This patch adds 'followup' attributes to various loop transformation passes. These attributes define which attributes the resulting loop of a transformation should have. For instance,
!0 = !{!0, !1, !2}
!1 = !{!"llvm.loop.unroll_and_jam.enable"}
!2 = !{!"llvm.loop.unroll_and_jam.followup_inner", !3}
!3 = !{!"llvm.loop.distribute.enable"}
defines a loop ID (!0) to be unrolled-and-jammed (!1) and then the attribute !3 to be added to the jammed inner loop, which contains the instruction to distribute the inner loop.
Currently, in both pass managers, pass execution is in a fixed order and UnrollAndJamPass will not execute again after LoopDistribute. We hope to fix this in the future by allowing pass managers to run passes until a fixpoint is reached, use Polly to perform these transformations, or add a loop transformation pass which takes the order issue into account.

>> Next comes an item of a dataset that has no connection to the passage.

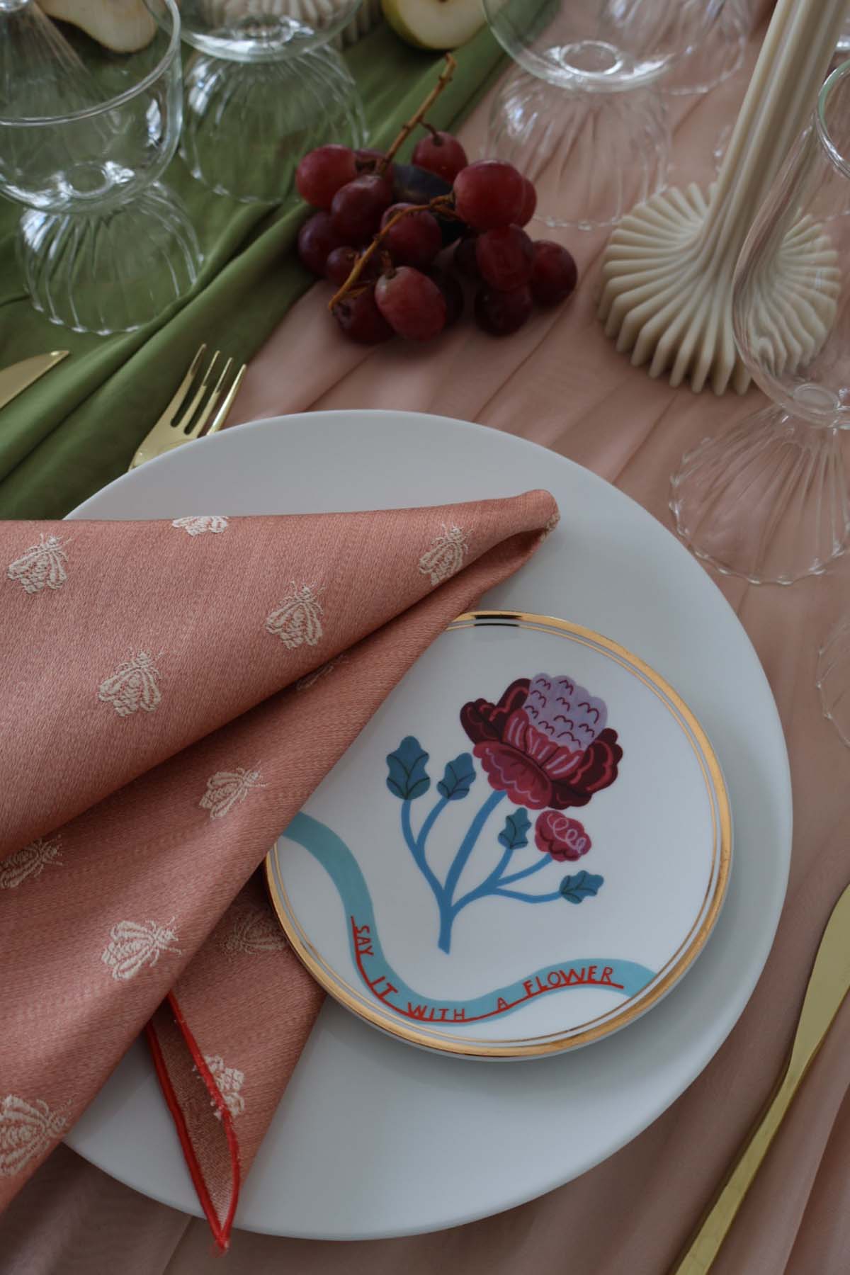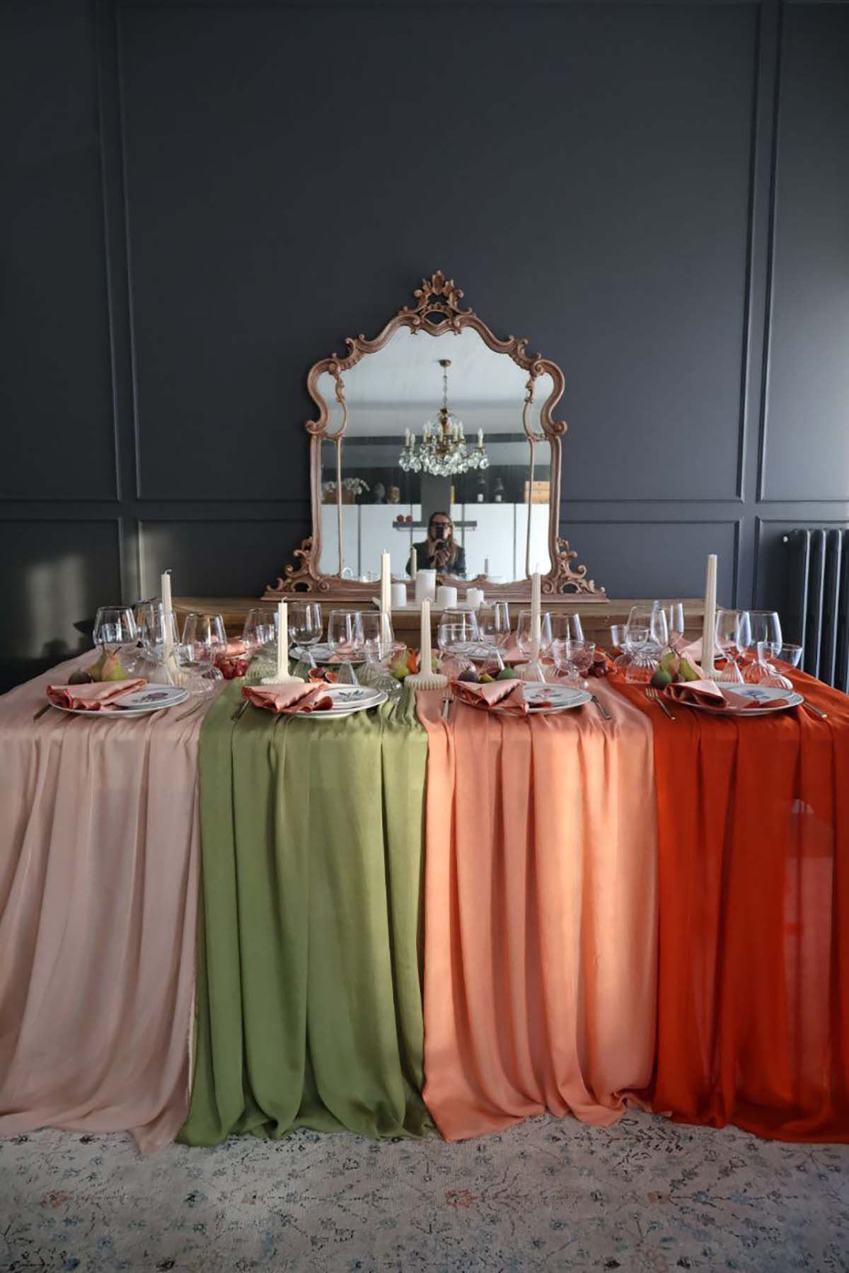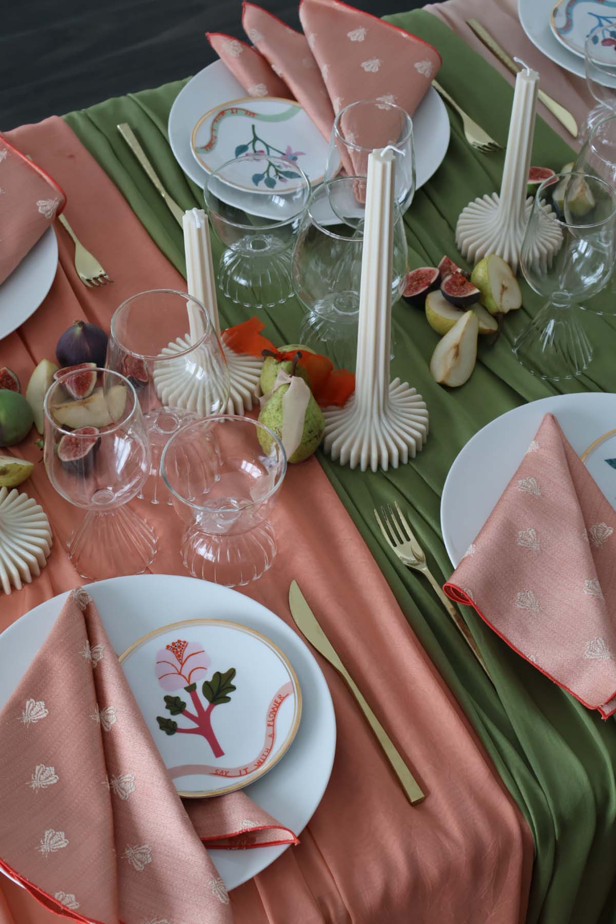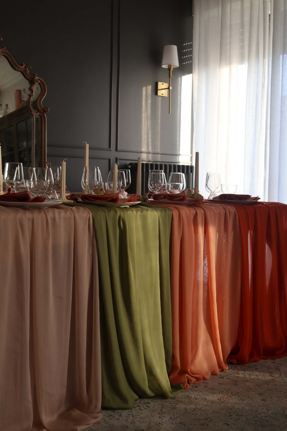 I teli in seta scorrono lungo il tavolo come pennellate di colore: morbidi, luminosi, capaci di trasformare l’atmosfera e di dare vita a un allestimento tavola costruito sulla forza degli abbinamenti cromatici. Ogni elemento è scelto con intenzione: i piatti, selezionati uno ad uno, dialogano con le sfumature dei tessuti; le forchette dorate richiamano il filo d’oro dei decori, e i bicchieri, con le loro forme tonde aggiungono un’eleganza giocosa ma raffinata.

For mandatory/forced transformations (e.g. by having been declared by #pragma omp simd), the user must be notified when a transformation could not be performed. It is not possible that the responsible pass emits such a warning because the transformation might be 'hidden' in a followup attribute when it is executed, or it is not present in the pipeline at all. For this reason, this patche introduces a WarnMissedTransformations pass, to warn about orphaned transformations.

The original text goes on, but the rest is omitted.